* **Work to be completed**
A full, exact copy of the listing is needed, with images omitted.

* **Provided material**
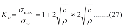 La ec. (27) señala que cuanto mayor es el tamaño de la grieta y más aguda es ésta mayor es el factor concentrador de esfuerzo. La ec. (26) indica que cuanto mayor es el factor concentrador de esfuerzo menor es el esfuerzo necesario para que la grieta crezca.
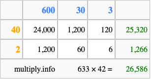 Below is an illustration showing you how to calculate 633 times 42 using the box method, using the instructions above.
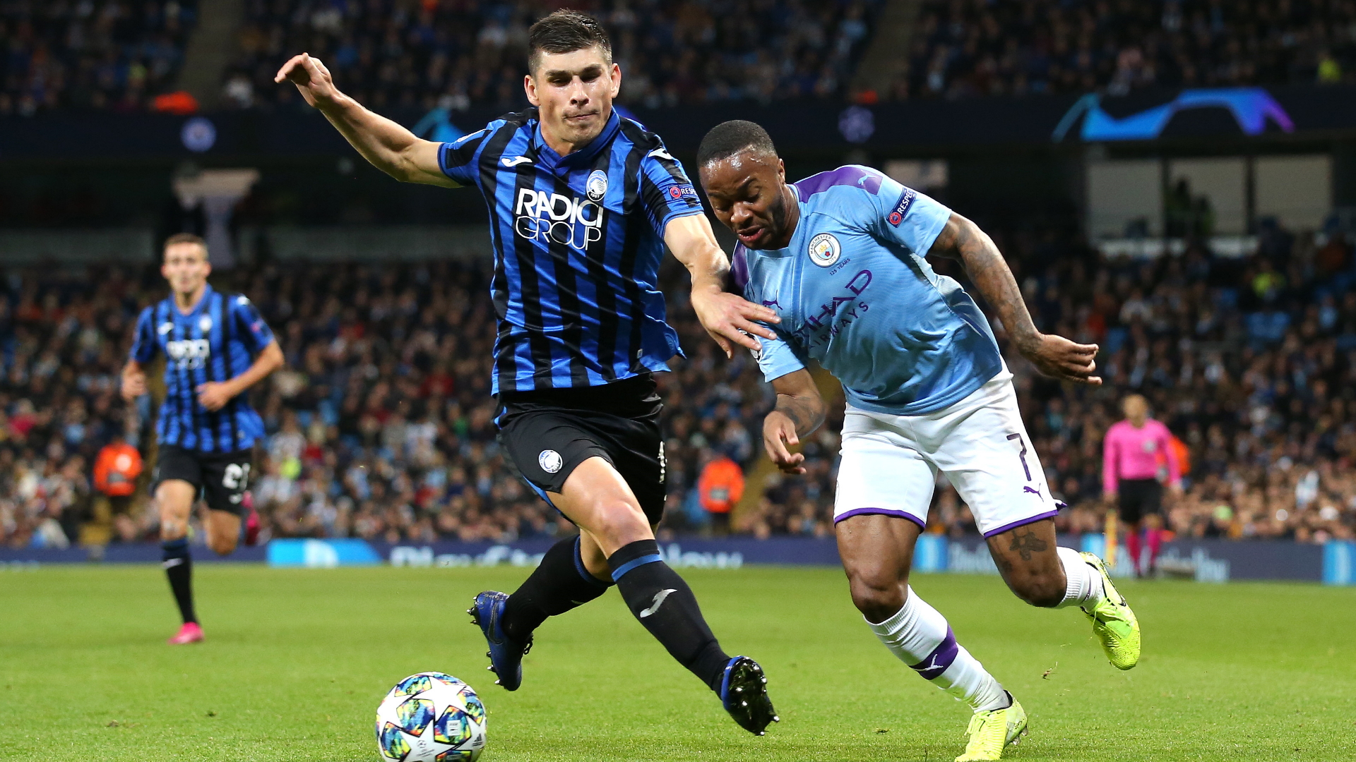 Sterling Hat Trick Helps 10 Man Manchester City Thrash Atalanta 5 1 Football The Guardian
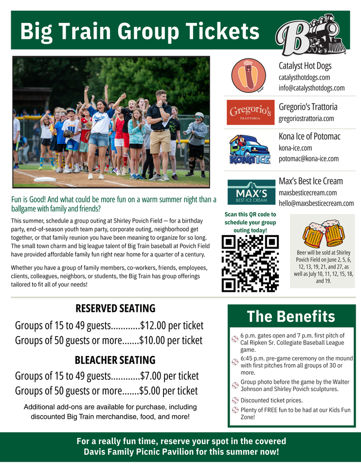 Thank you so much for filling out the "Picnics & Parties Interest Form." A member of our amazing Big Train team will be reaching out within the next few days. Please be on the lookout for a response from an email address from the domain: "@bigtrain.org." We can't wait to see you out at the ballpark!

* **Output of the task**
 La ec. (27) señala que cuanto mayor es el tamaño de la grieta y más aguda es ésta mayor es el factor concentrador de esfuerzo. La ec. (26) indica que cuanto mayor es el factor concentrador de esfuerzo menor es el esfuerzo necesario para que la grieta crezca.
 Below is an illustration showing you how to calculate 633 times 42 using the box method, using the instructions above.
 Sterling Hat Trick Helps 10 Man Manchester City Thrash Atalanta 5 1 Football The Guardian
 Thank you so much for filling out the "Picnics & Parties Interest Form." A member of our amazing Big Train team will be reaching out within the next few days. Please be on the lookout for a response from an email address from the domain: "@bigtrain.org." We can't wait to see you out at the ballpark!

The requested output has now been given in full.